--- Dataset excerpt ---

###

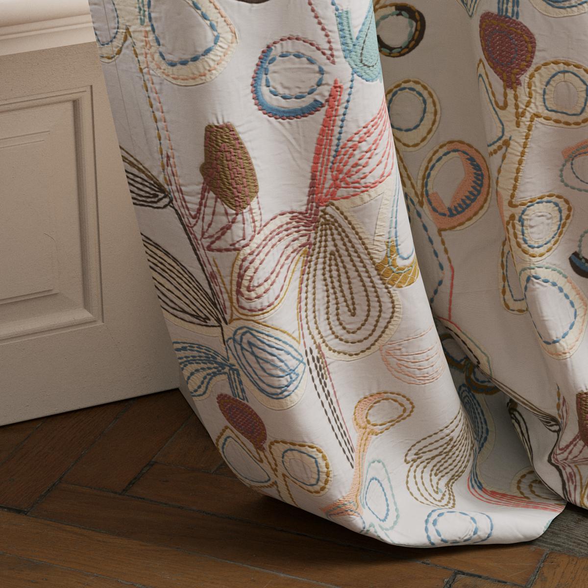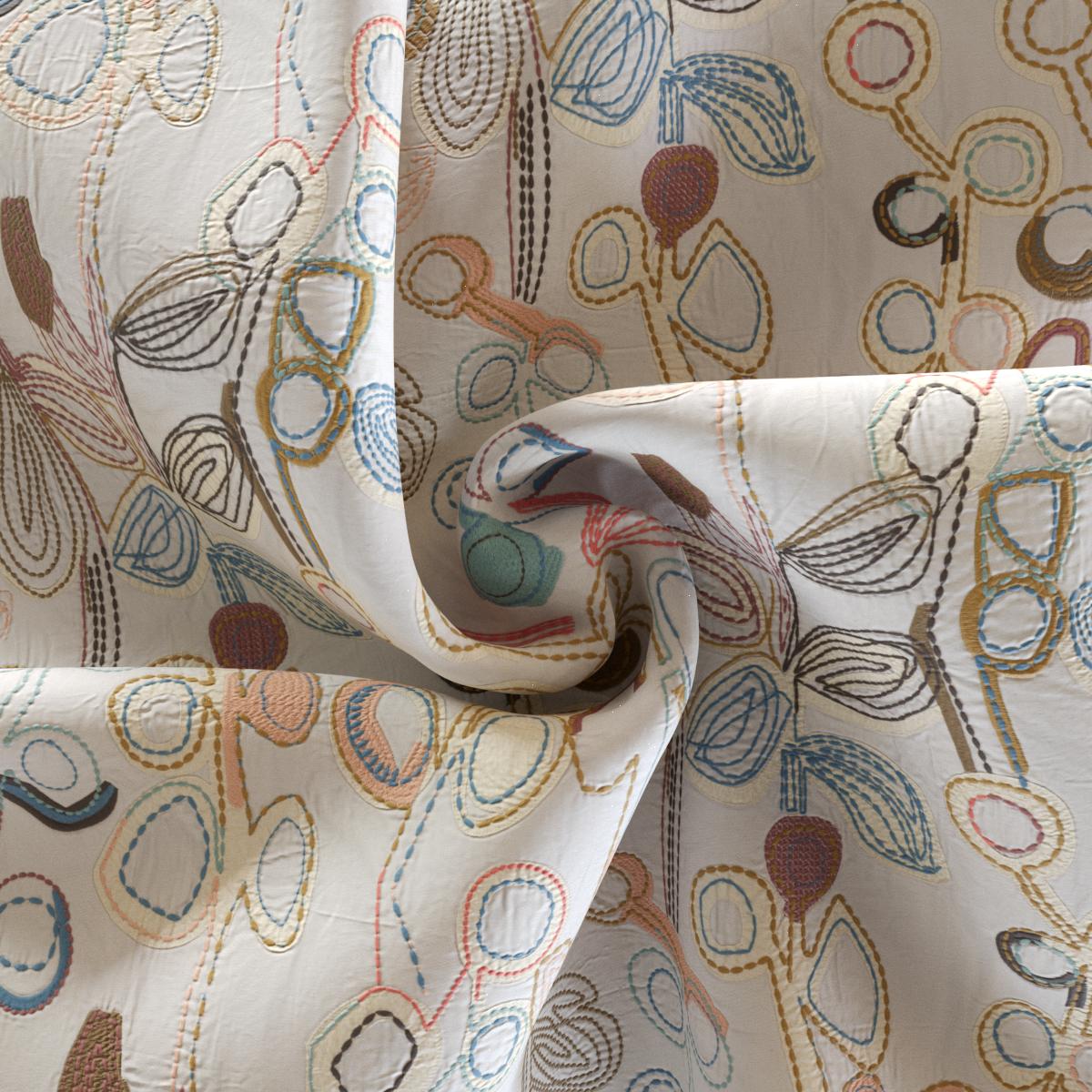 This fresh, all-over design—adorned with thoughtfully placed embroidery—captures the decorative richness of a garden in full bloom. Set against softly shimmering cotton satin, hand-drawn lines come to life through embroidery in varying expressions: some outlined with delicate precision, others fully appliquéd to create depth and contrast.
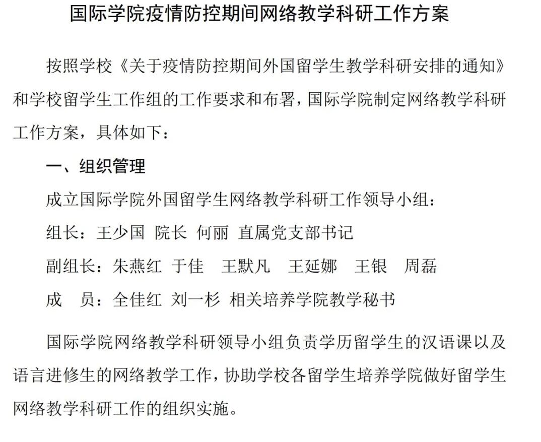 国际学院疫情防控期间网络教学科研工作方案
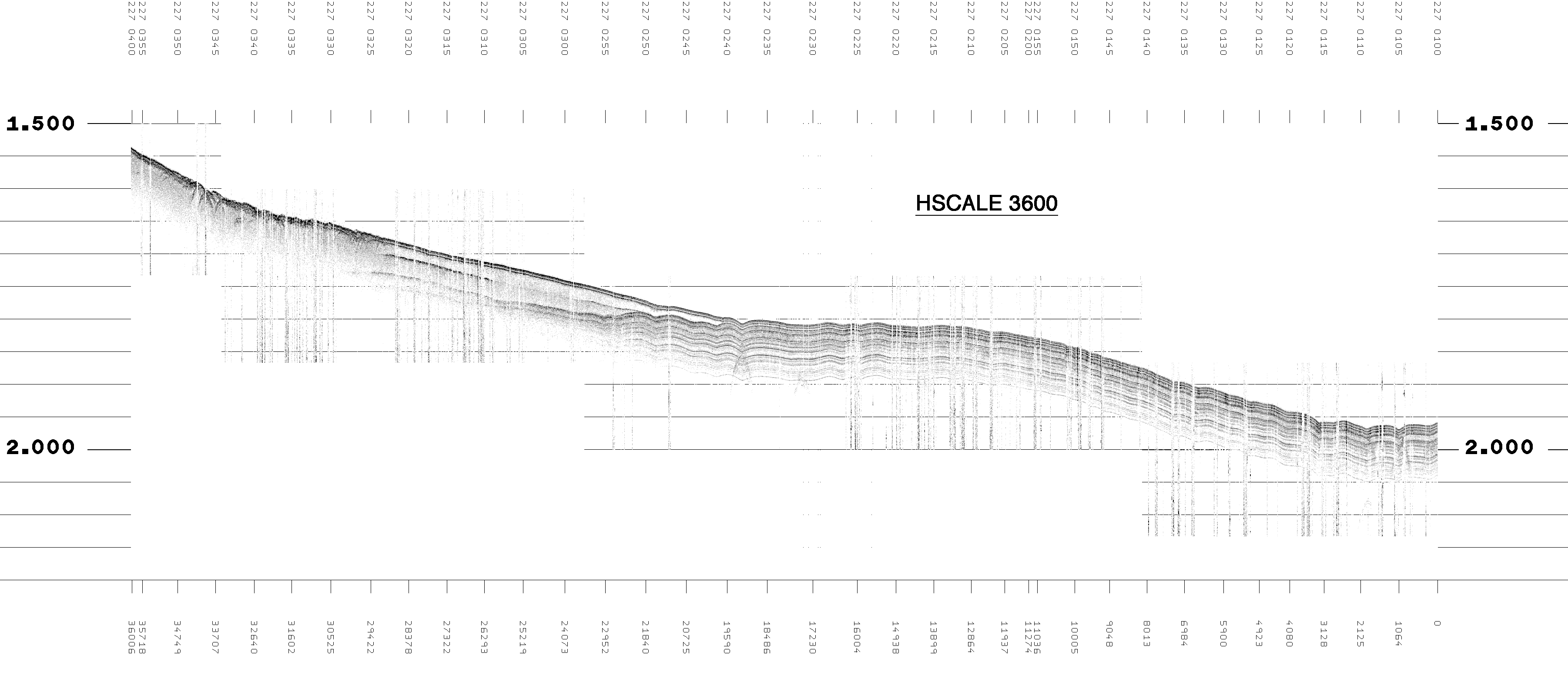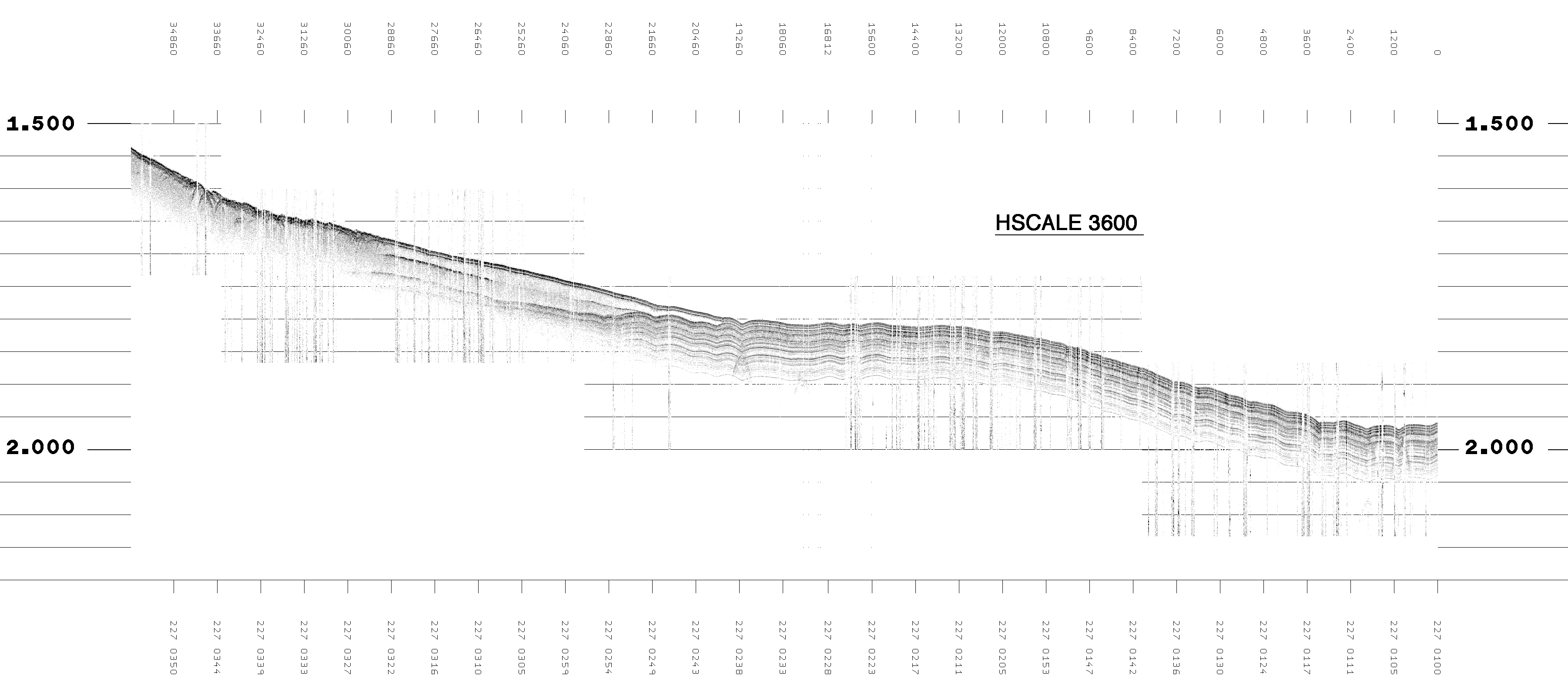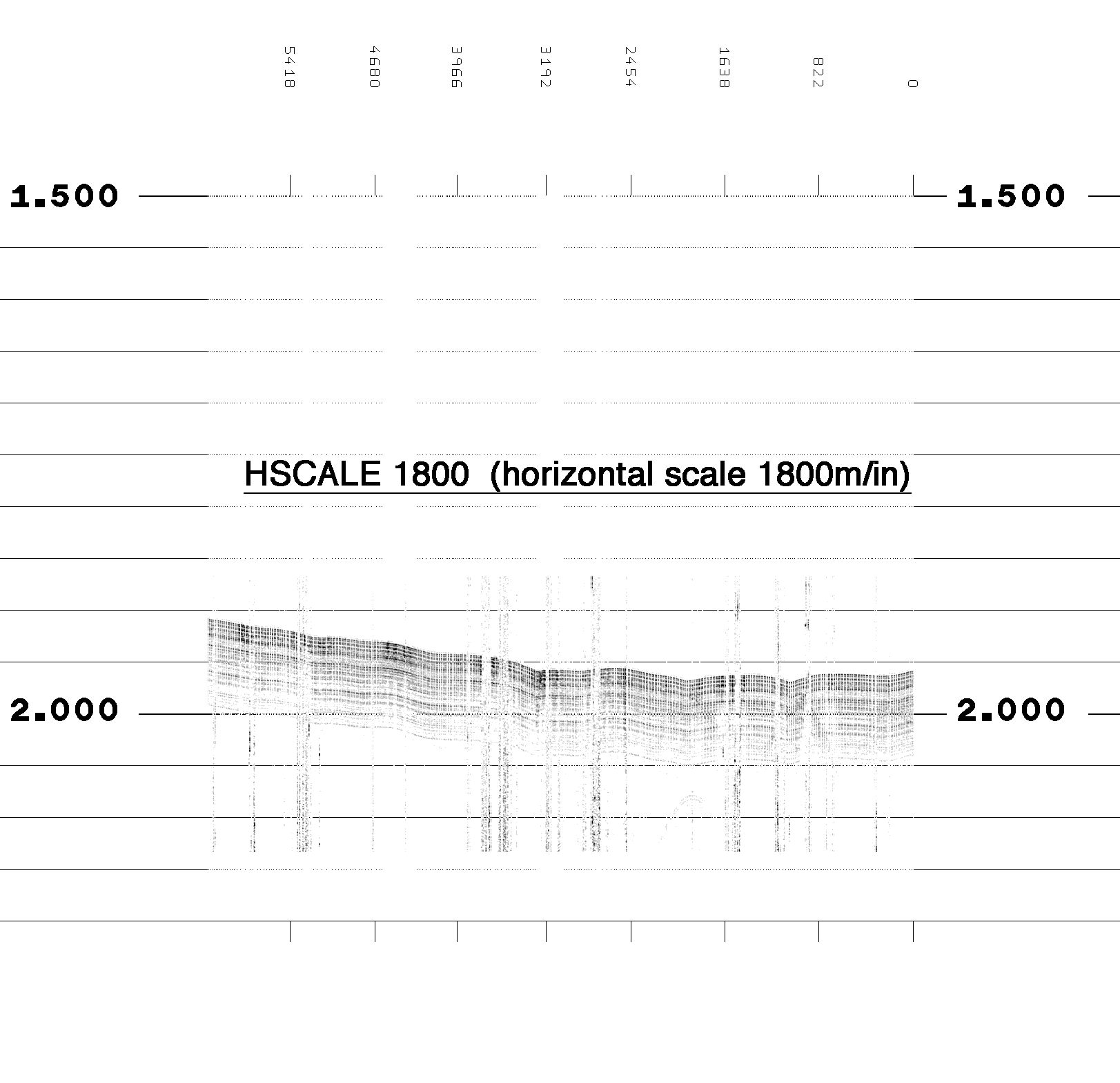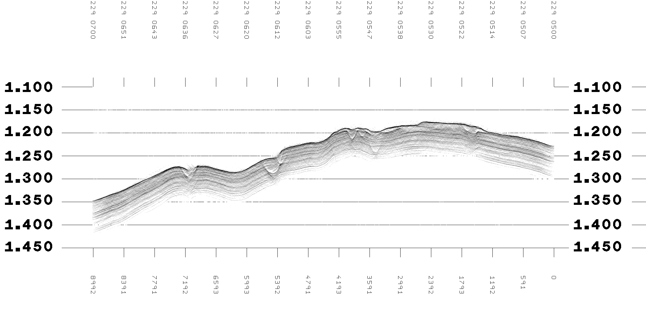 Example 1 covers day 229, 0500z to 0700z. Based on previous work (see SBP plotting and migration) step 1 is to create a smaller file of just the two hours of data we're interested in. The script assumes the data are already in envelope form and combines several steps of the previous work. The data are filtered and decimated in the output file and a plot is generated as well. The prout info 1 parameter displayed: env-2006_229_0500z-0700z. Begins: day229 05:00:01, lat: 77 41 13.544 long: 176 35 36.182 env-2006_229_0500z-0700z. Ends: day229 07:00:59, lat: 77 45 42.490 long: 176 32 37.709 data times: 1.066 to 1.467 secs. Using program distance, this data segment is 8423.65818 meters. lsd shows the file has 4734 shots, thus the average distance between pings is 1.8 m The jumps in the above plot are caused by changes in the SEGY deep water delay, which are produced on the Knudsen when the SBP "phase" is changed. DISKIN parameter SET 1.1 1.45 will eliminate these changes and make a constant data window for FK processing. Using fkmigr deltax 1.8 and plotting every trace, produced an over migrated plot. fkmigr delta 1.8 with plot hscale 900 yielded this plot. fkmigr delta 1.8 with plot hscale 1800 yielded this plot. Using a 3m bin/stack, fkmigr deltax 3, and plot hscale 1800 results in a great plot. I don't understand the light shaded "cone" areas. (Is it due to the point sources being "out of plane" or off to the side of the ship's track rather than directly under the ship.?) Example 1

###

--- What to work on ---
Drop the pictures and reproduce the rest of the data exactly.

--- Exercise response ---
 This fresh, all-over design—adorned with thoughtfully placed embroidery—captures the decorative richness of a garden in full bloom. Set against softly shimmering cotton satin, hand-drawn lines come to life through embroidery in varying expressions: some outlined with delicate precision, others fully appliquéd to create depth and contrast.
 国际学院疫情防控期间网络教学科研工作方案
 Example 1 covers day 229, 0500z to 0700z. Based on previous work (see SBP plotting and migration) step 1 is to create a smaller file of just the two hours of data we're interested in. The script assumes the data are already in envelope form and combines several steps of the previous work. The data are filtered and decimated in the output file and a plot is generated as well. The prout info 1 parameter displayed: env-2006_229_0500z-0700z. Begins: day229 05:00:01, lat: 77 41 13.544 long: 176 35 36.182 env-2006_229_0500z-0700z. Ends: day229 07:00:59, lat: 77 45 42.490 long: 176 32 37.709 data times: 1.066 to 1.467 secs. Using program distance, this data segment is 8423.65818 meters. lsd shows the file has 4734 shots, thus the average distance between pings is 1.8 m The jumps in the above plot are caused by changes in the SEGY deep water delay, which are produced on the Knudsen when the SBP "phase" is changed. DISKIN parameter SET 1.1 1.45 will eliminate these changes and make a constant data window for FK processing. Using fkmigr deltax 1.8 and plotting every trace, produced an over migrated plot. fkmigr delta 1.8 with plot hscale 900 yielded this plot. fkmigr delta 1.8 with plot hscale 1800 yielded this plot. Using a 3m bin/stack, fkmigr deltax 3, and plot hscale 1800 results in a great plot. I don't understand the light shaded "cone" areas. (Is it due to the point sources being "out of plane" or off to the side of the ship's track rather than directly under the ship.?) Example 1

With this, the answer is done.